§ **Stored items from a collection**

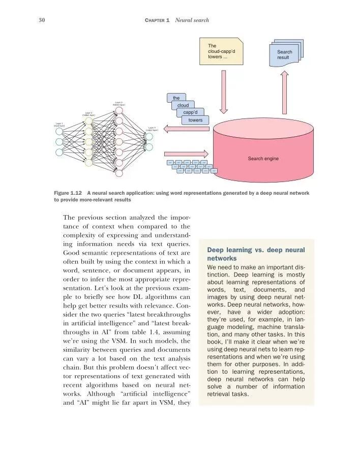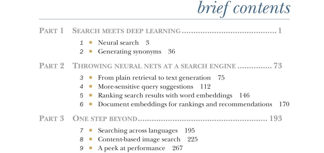 第1部分介绍了搜索、机器学习和深度学习的基本概念。第一章介绍了应用深度学习技术来搜索问题的原理,涉及了信息检索中最常见的方法。第2章给出了如何使用神经网络模型从数据中生成同义词来提高搜索引擎效率的第一个例子。
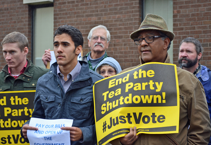 On their lunch break, Jones and Lawrence joined a demonstration outside the Social Security Administration, calling on Tea Party Republicans to end the shutdown and stop holding the economy – and the federal government – hostage. [Click here to add your voice.]
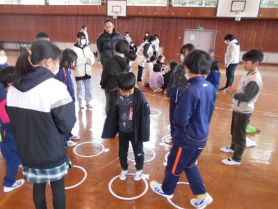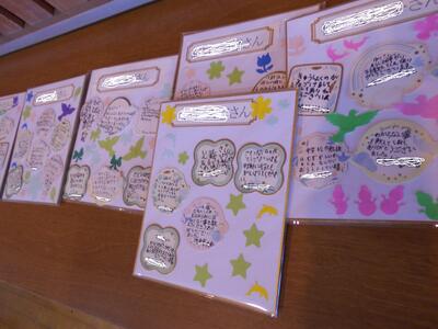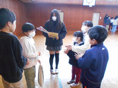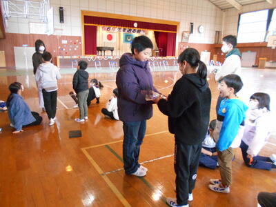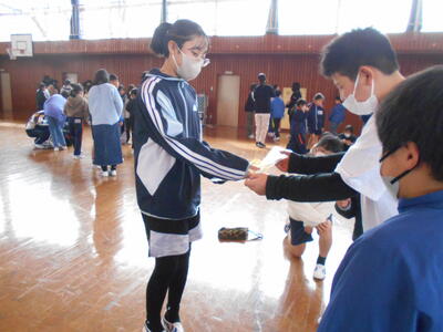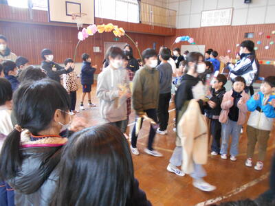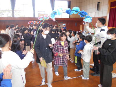 最後に、1~5年生が書いた寄せ書きの色紙とお花のプレゼントしました。また、一人ずつ感謝や励ましの言葉を掛け合いました。
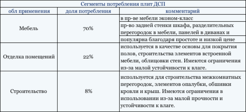 Сегменты применения плит ДСП В мебельной отрасли – 70%
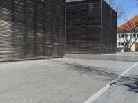A modern building in an urban city in Germany. The architecture is characterized by rectangular shapes and wooden accents. The property features open spaces and shaded areas. The grey asphalt road surfaces and wooden walls contribute to the urban design of the area.

§ **What is expected**
Copy the lines starting at the line that contains "最後に、1~5年生が書いた寄" and running to the final line of the entries, inclusive; omit all pictures.

§ **Result for this exercise**
 最後に、1~5年生が書いた寄せ書きの色紙とお花のプレゼントしました。また、一人ずつ感謝や励ましの言葉を掛け合いました。
 Сегменты применения плит ДСП В мебельной отрасли – 70%
A modern building in an urban city in Germany. The architecture is characterized by rectangular shapes and wooden accents. The property features open spaces and shaded areas. The grey asphalt road surfaces and wooden walls contribute to the urban design of the area.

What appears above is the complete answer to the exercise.